═══ Given material
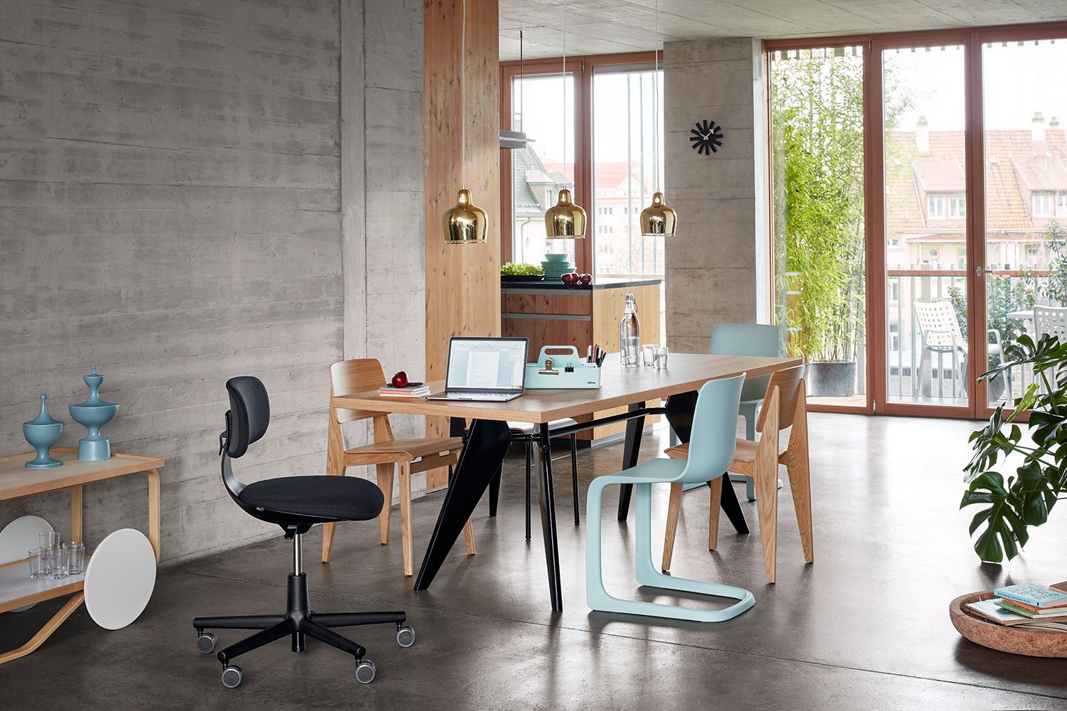 Vitra(ヴィトラ)は店舗什器を製造していたウィリー・フェルバウムによって1950年に創設されたスイスの家具メーカーです。ヴィトラは人間工学に基づいた家具作りを研究し、その確かな技術はオフィス家具のみならず、ホームユース家具やインテリアアクセサリーにも反映されています。ジョージ・ネルソンの「ウォール クロック」やジャン・プルーヴェ「スタンダード」、イサム・ノグチ「コーヒー テーブル」などの名作を復刻し、またジャスパー・モリソンやロナン&エルワン・ブルレックなど、現代のデザイナーたちによる最新家具を揃えています。
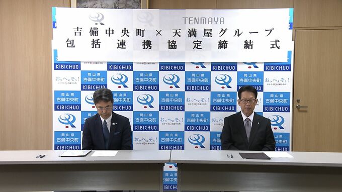 締結式は、吉備中央町役場で行われ、山本雅則町長と天満屋の斎藤和好社長が協定書を交わしました。天満屋グループは2023年から各地の自治体と協定を結んでいて、県内では吉備中央町が14例目になります。
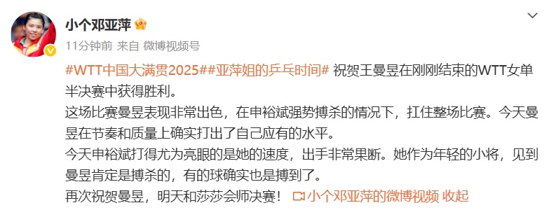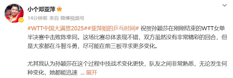剛剛,鄧亞萍發文點評:
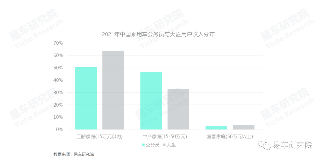 2021 年,易车研究院调研数据显示,公务员用户具有自身鲜明的购车特征:
══════
**Exercise objective**
Leaving the pictures out, write out all the material above exactly.

**Answer for this exercise**
 Vitra(ヴィトラ)は店舗什器を製造していたウィリー・フェルバウムによって1950年に創設されたスイスの家具メーカーです。ヴィトラは人間工学に基づいた家具作りを研究し、その確かな技術はオフィス家具のみならず、ホームユース家具やインテリアアクセサリーにも反映されています。ジョージ・ネルソンの「ウォール クロック」やジャン・プルーヴェ「スタンダード」、イサム・ノグチ「コーヒー テーブル」などの名作を復刻し、またジャスパー・モリソンやロナン&エルワン・ブルレックなど、現代のデザイナーたちによる最新家具を揃えています。
 締結式は、吉備中央町役場で行われ、山本雅則町長と天満屋の斎藤和好社長が協定書を交わしました。天満屋グループは2023年から各地の自治体と協定を結んでいて、県内では吉備中央町が14例目になります。
剛剛,鄧亞萍發文點評:
 2021 年,易车研究院调研数据显示,公务员用户具有自身鲜明的购车特征:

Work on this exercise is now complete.